■ **The records**:
****
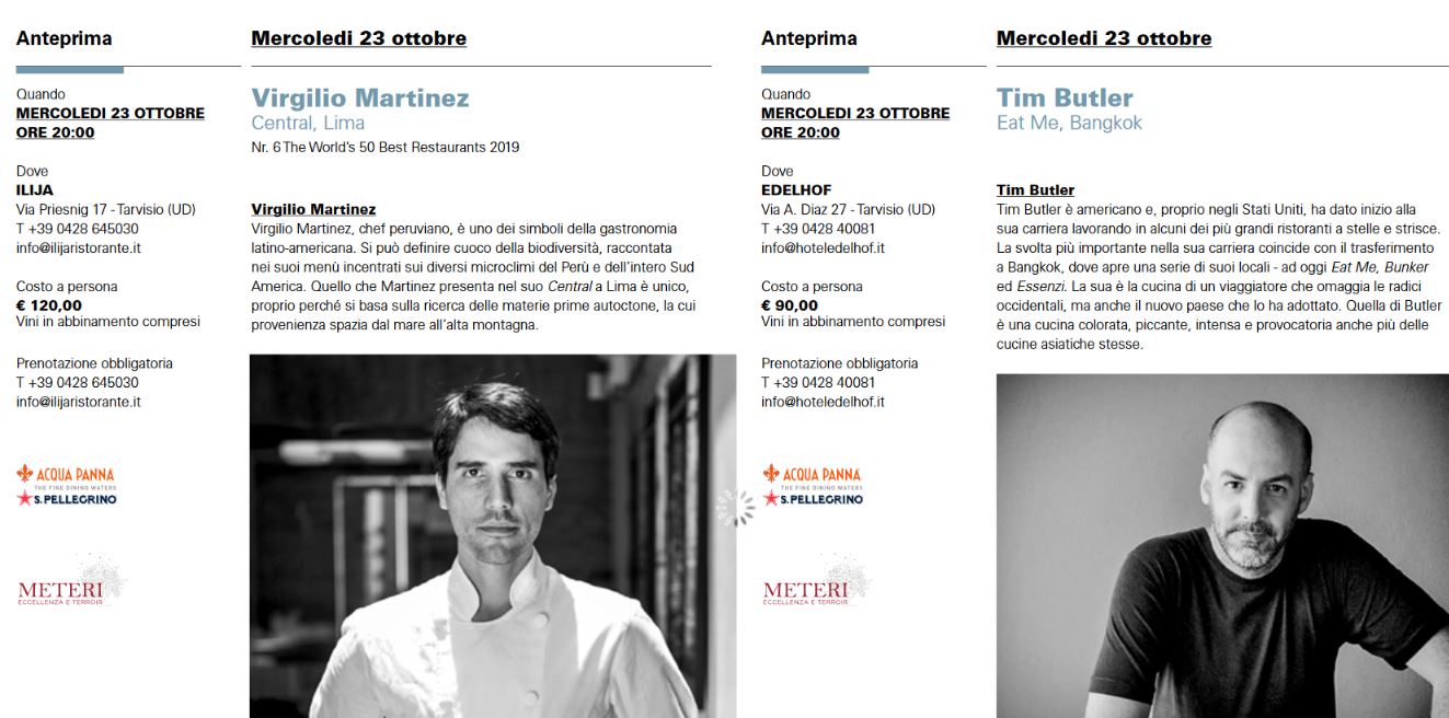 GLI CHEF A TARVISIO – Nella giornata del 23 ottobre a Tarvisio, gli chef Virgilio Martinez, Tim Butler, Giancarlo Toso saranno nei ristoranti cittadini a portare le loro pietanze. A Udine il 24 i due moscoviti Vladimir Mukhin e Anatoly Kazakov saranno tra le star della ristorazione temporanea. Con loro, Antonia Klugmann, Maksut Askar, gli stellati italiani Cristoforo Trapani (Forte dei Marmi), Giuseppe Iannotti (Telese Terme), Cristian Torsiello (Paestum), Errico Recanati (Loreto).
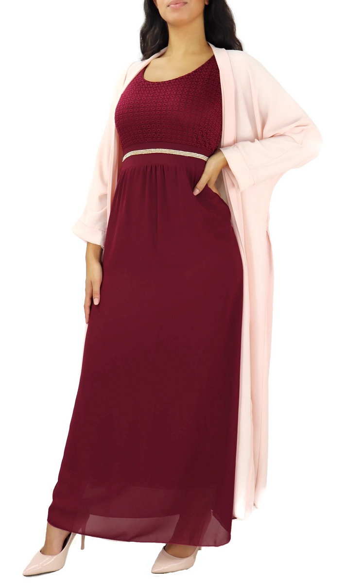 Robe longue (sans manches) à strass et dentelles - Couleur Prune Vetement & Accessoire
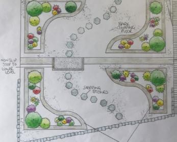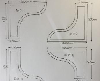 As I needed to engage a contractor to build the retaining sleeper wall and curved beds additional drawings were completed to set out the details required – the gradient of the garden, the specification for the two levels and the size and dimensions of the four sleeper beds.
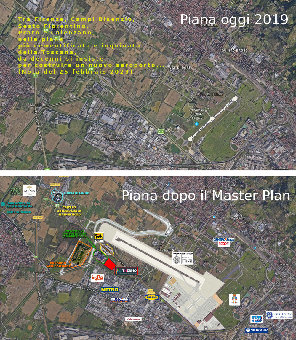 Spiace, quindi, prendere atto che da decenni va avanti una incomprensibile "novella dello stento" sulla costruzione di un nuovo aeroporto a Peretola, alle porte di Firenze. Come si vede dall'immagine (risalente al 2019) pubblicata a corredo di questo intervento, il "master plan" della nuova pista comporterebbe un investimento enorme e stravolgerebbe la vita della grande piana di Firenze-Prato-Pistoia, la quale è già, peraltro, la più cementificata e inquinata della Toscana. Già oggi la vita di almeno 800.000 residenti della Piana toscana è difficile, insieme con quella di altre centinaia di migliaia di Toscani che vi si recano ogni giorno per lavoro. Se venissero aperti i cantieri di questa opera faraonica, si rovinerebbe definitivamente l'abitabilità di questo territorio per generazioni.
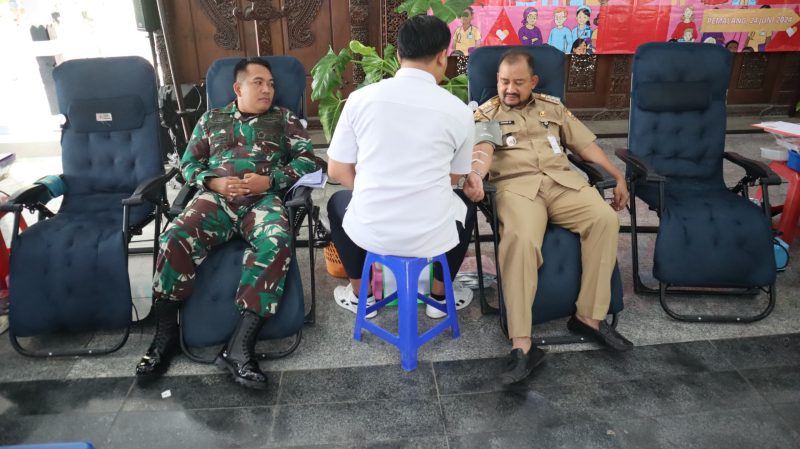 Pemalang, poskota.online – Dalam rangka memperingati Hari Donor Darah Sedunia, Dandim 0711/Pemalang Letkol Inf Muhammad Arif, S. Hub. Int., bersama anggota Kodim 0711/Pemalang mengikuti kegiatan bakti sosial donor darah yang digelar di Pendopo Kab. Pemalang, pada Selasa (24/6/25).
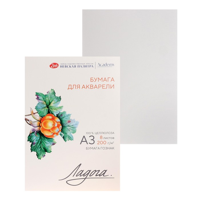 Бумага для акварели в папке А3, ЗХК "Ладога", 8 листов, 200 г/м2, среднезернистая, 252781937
****
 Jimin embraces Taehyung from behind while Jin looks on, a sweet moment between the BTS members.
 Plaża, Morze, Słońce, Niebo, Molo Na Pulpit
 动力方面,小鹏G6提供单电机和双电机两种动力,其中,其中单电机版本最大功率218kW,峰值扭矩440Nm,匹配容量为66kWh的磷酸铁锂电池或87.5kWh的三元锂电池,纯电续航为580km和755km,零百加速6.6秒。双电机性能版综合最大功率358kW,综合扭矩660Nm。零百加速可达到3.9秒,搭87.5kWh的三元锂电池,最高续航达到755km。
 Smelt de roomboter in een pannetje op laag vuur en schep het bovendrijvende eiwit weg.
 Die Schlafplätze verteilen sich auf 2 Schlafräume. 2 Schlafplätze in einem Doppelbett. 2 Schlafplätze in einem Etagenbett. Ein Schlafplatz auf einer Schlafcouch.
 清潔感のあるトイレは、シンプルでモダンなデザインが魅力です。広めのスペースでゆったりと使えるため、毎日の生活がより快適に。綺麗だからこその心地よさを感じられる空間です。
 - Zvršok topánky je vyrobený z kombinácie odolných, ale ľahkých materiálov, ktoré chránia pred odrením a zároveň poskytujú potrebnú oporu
****
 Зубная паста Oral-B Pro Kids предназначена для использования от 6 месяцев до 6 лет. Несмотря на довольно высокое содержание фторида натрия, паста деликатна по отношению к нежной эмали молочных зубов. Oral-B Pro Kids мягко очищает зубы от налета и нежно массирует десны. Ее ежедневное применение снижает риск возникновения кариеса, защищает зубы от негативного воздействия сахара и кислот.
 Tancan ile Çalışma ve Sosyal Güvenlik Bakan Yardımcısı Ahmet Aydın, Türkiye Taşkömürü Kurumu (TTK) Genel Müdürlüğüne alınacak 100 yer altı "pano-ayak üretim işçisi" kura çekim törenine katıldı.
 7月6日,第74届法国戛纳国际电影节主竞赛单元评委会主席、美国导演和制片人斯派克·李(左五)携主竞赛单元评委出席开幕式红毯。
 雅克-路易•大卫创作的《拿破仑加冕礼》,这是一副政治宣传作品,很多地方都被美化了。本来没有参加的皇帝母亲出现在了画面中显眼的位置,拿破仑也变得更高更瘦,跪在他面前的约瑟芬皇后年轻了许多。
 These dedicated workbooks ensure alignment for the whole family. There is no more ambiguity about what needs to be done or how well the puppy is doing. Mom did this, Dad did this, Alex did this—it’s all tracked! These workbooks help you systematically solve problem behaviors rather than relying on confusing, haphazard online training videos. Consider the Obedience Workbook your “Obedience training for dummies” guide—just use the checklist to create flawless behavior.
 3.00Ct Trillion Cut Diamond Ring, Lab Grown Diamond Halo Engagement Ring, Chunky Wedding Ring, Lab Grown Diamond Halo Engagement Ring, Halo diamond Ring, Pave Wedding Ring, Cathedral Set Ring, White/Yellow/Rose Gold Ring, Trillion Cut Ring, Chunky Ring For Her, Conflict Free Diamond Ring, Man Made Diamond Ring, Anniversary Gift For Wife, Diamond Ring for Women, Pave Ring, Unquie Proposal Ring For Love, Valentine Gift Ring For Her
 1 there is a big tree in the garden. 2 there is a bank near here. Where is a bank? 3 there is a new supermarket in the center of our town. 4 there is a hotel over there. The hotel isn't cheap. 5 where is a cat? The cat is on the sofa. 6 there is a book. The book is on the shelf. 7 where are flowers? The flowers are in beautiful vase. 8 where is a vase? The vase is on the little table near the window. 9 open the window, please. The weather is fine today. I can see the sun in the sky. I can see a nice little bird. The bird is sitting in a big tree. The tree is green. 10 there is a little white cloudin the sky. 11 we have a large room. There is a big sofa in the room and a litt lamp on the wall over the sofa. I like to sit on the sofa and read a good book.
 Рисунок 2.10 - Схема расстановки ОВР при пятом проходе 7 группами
****
From the entries above, copy exactly the lines starting at the one with "GLI CHEF A TARVISIO" and stopping at the one with "Pemalang, poskota.online –", keeping both ends. Drop the pictures.

■ **The completed task**:
 GLI CHEF A TARVISIO – Nella giornata del 23 ottobre a Tarvisio, gli chef Virgilio Martinez, Tim Butler, Giancarlo Toso saranno nei ristoranti cittadini a portare le loro pietanze. A Udine il 24 i due moscoviti Vladimir Mukhin e Anatoly Kazakov saranno tra le star della ristorazione temporanea. Con loro, Antonia Klugmann, Maksut Askar, gli stellati italiani Cristoforo Trapani (Forte dei Marmi), Giuseppe Iannotti (Telese Terme), Cristian Torsiello (Paestum), Errico Recanati (Loreto).
 Robe longue (sans manches) à strass et dentelles - Couleur Prune Vetement & Accessoire
 As I needed to engage a contractor to build the retaining sleeper wall and curved beds additional drawings were completed to set out the details required – the gradient of the garden, the specification for the two levels and the size and dimensions of the four sleeper beds.
 Spiace, quindi, prendere atto che da decenni va avanti una incomprensibile "novella dello stento" sulla costruzione di un nuovo aeroporto a Peretola, alle porte di Firenze. Come si vede dall'immagine (risalente al 2019) pubblicata a corredo di questo intervento, il "master plan" della nuova pista comporterebbe un investimento enorme e stravolgerebbe la vita della grande piana di Firenze-Prato-Pistoia, la quale è già, peraltro, la più cementificata e inquinata della Toscana. Già oggi la vita di almeno 800.000 residenti della Piana toscana è difficile, insieme con quella di altre centinaia di migliaia di Toscani che vi si recano ogni giorno per lavoro. Se venissero aperti i cantieri di questa opera faraonica, si rovinerebbe definitivamente l'abitabilità di questo territorio per generazioni.
 Pemalang, poskota.online – Dalam rangka memperingati Hari Donor Darah Sedunia, Dandim 0711/Pemalang Letkol Inf Muhammad Arif, S. Hub. Int., bersama anggota Kodim 0711/Pemalang mengikuti kegiatan bakti sosial donor darah yang digelar di Pendopo Kab. Pemalang, pada Selasa (24/6/25).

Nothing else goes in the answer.